How to complete this task:
Could you transcribe all of the data exactly and skip any pictures?

+++ Available data

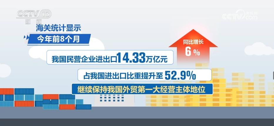 海關(guān)統(tǒng)計顯示,2023年前8個月,我國民營企業(yè)進(jìn)出口14.33萬億元,同比增長6%,占我國進(jìn)出口比重提升至52.9%,繼續(xù)保持我國外貿(mào)第一大經(jīng)營主體地位。
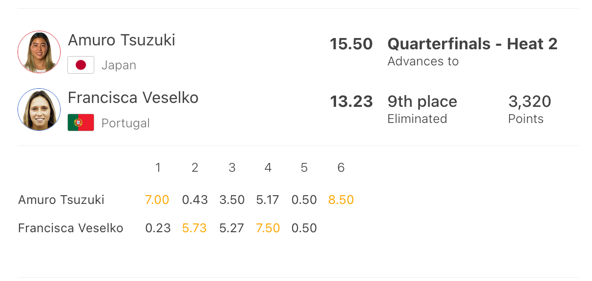 H3では都筑有夢路が、フランシスカ・ベセルコ(POR)と対戦。都筑はインサイドでダブルアップする波を掴みスタートから7.00のハイスコアを叩き出す。都筑はバックアップを3.5としてヒートをリードしていく。
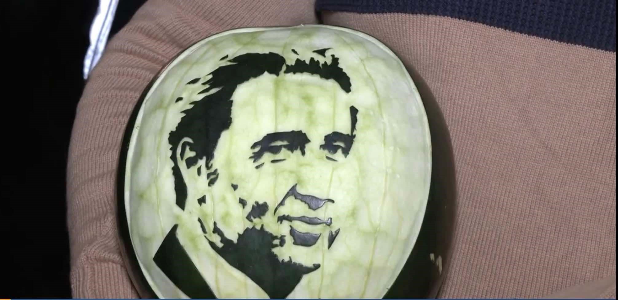 Giuseppe Guida ha consegnato al regista Paolo Sorrentino il suo ritratto realizzato dall’artista maruggese su un’anguria.
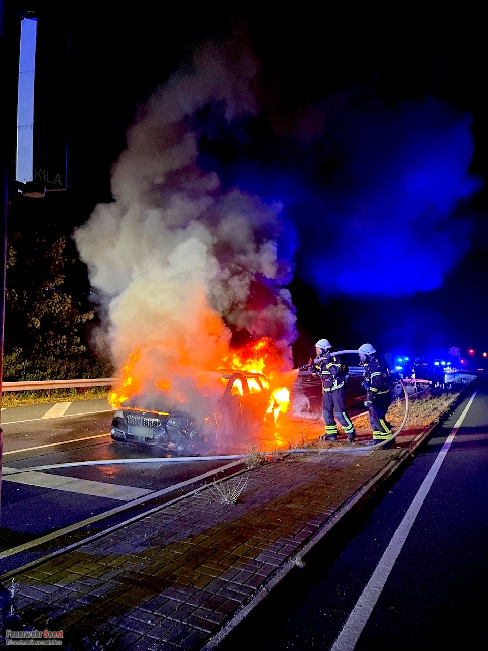 Ein brennender Pkw wurde von einem Trupp unter schwerem Atemschutz abgelöscht.

++++++

Solution:
 海關(guān)統(tǒng)計顯示,2023年前8個月,我國民營企業(yè)進(jìn)出口14.33萬億元,同比增長6%,占我國進(jìn)出口比重提升至52.9%,繼續(xù)保持我國外貿(mào)第一大經(jīng)營主體地位。
 H3では都筑有夢路が、フランシスカ・ベセルコ(POR)と対戦。都筑はインサイドでダブルアップする波を掴みスタートから7.00のハイスコアを叩き出す。都筑はバックアップを3.5としてヒートをリードしていく。
 Giuseppe Guida ha consegnato al regista Paolo Sorrentino il suo ritratto realizzato dall’artista maruggese su un’anguria.
 Ein brennender Pkw wurde von einem Trupp unter schwerem Atemschutz abgelöscht.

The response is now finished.